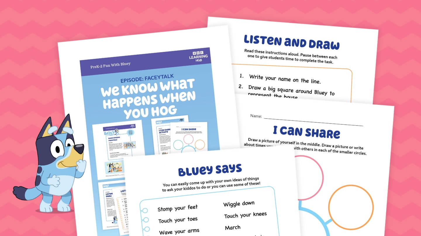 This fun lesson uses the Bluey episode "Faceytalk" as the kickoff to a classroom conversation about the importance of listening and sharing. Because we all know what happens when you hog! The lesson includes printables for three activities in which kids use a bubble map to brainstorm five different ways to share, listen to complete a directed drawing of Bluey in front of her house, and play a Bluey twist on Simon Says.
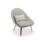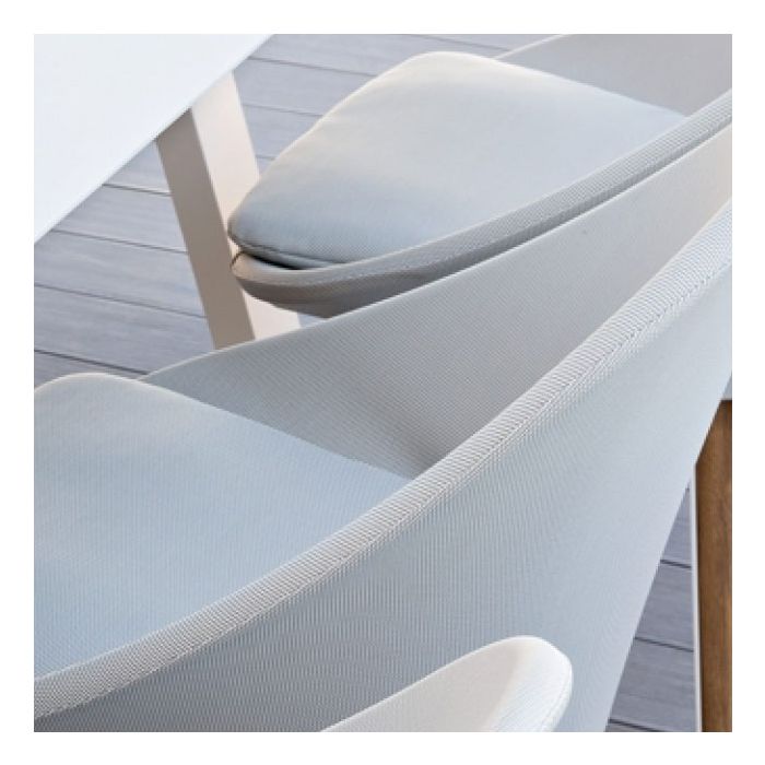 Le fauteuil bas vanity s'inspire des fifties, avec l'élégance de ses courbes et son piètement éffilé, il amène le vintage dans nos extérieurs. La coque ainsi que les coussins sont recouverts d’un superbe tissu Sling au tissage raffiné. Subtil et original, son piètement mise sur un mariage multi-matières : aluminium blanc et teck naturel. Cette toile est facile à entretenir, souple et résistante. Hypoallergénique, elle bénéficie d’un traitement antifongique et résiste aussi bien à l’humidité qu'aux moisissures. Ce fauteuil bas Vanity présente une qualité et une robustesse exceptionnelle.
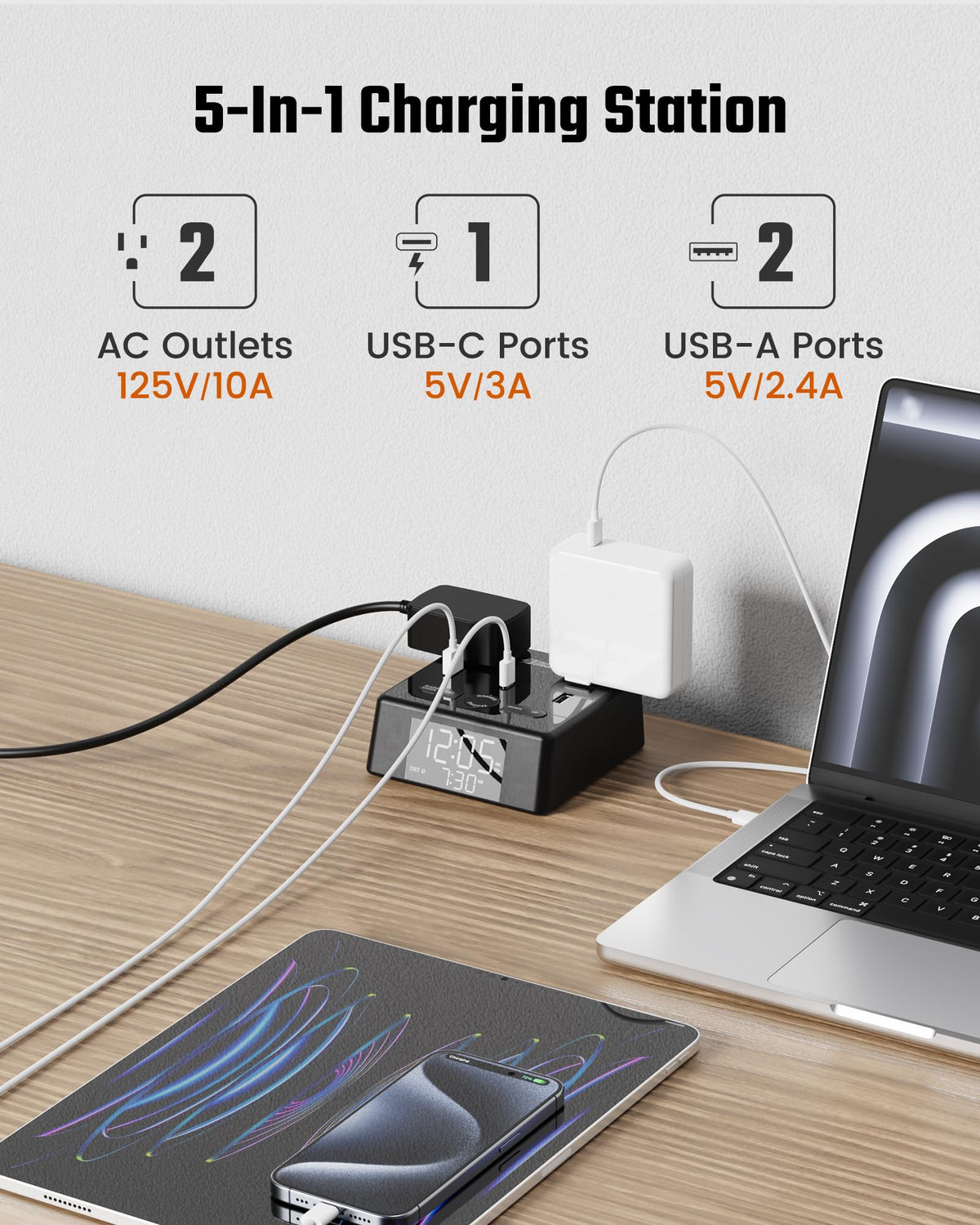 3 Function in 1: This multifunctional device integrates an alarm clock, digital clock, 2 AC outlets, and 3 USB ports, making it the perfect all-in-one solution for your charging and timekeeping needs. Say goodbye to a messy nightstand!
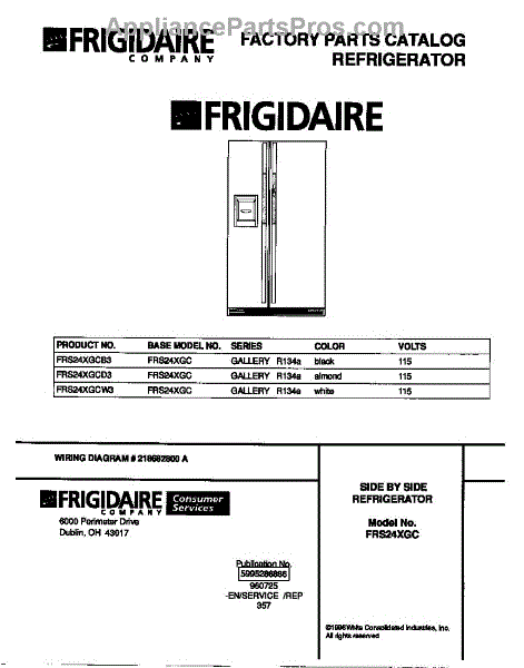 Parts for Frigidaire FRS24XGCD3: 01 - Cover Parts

> YOUR ASSIGNMENT: Write out the data exactly, but not its pictures.

> RESPONSE TO THE TASK:
 This fun lesson uses the Bluey episode "Faceytalk" as the kickoff to a classroom conversation about the importance of listening and sharing. Because we all know what happens when you hog! The lesson includes printables for three activities in which kids use a bubble map to brainstorm five different ways to share, listen to complete a directed drawing of Bluey in front of her house, and play a Bluey twist on Simon Says.
 Le fauteuil bas vanity s'inspire des fifties, avec l'élégance de ses courbes et son piètement éffilé, il amène le vintage dans nos extérieurs. La coque ainsi que les coussins sont recouverts d’un superbe tissu Sling au tissage raffiné. Subtil et original, son piètement mise sur un mariage multi-matières : aluminium blanc et teck naturel. Cette toile est facile à entretenir, souple et résistante. Hypoallergénique, elle bénéficie d’un traitement antifongique et résiste aussi bien à l’humidité qu'aux moisissures. Ce fauteuil bas Vanity présente une qualité et une robustesse exceptionnelle.
 3 Function in 1: This multifunctional device integrates an alarm clock, digital clock, 2 AC outlets, and 3 USB ports, making it the perfect all-in-one solution for your charging and timekeeping needs. Say goodbye to a messy nightstand!
 Parts for Frigidaire FRS24XGCD3: 01 - Cover Parts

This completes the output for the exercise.